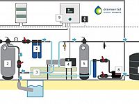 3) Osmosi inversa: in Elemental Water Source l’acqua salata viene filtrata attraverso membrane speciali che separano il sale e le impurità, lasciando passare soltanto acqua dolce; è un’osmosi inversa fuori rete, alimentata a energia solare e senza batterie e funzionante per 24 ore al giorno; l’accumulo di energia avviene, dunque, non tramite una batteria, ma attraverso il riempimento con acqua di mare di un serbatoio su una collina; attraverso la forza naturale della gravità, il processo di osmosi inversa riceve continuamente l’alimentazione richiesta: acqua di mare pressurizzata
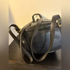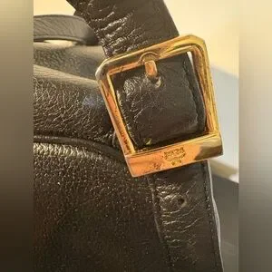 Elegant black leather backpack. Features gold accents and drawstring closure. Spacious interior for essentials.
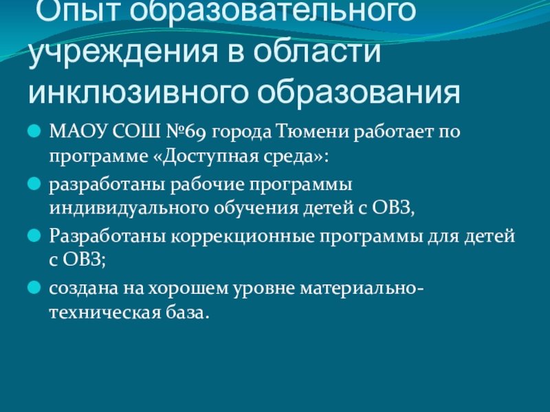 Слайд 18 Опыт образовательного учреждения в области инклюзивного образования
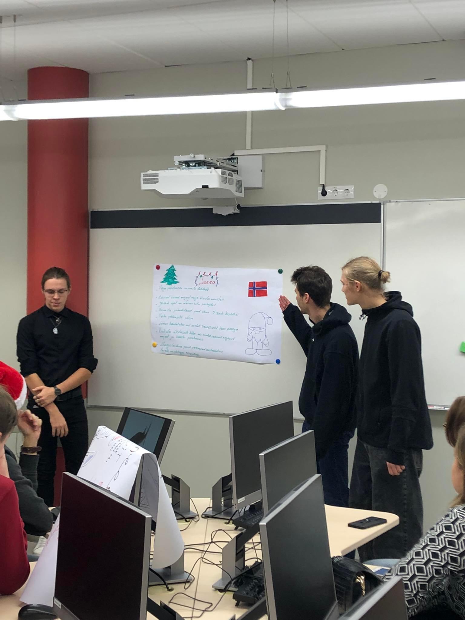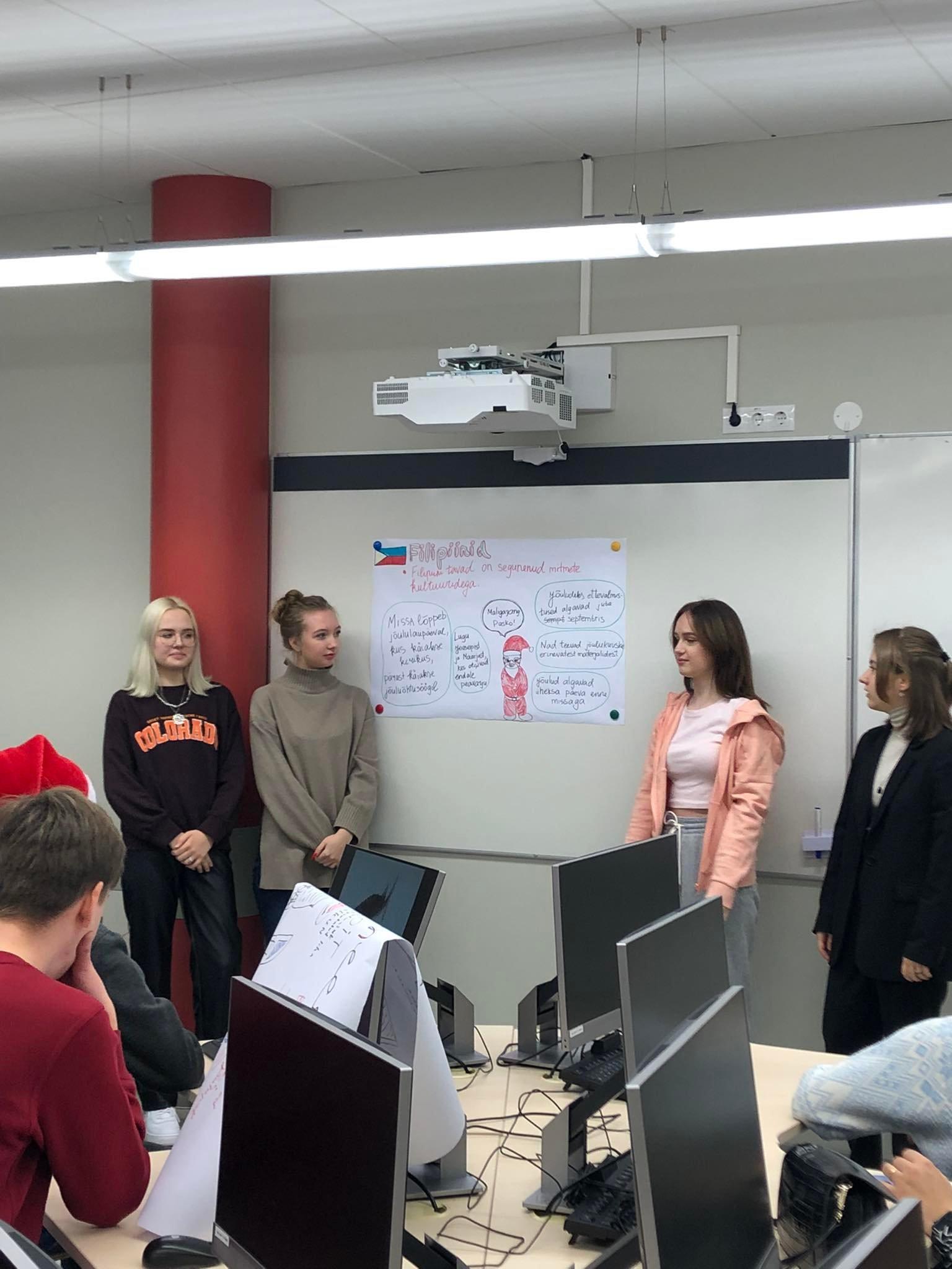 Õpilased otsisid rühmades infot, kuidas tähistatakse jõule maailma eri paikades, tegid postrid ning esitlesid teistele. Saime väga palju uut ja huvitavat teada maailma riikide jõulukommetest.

* [ASSIGNMENT]
Make an exact copy of the listing. Do not carry over its pictures.

* [FINISHED TASK]
 3) Osmosi inversa: in Elemental Water Source l’acqua salata viene filtrata attraverso membrane speciali che separano il sale e le impurità, lasciando passare soltanto acqua dolce; è un’osmosi inversa fuori rete, alimentata a energia solare e senza batterie e funzionante per 24 ore al giorno; l’accumulo di energia avviene, dunque, non tramite una batteria, ma attraverso il riempimento con acqua di mare di un serbatoio su una collina; attraverso la forza naturale della gravità, il processo di osmosi inversa riceve continuamente l’alimentazione richiesta: acqua di mare pressurizzata
 Elegant black leather backpack. Features gold accents and drawstring closure. Spacious interior for essentials.
 Слайд 18 Опыт образовательного учреждения в области инклюзивного образования
 Õpilased otsisid rühmades infot, kuidas tähistatakse jõule maailma eri paikades, tegid postrid ning esitlesid teistele. Saime väga palju uut ja huvitavat teada maailma riikide jõulukommetest.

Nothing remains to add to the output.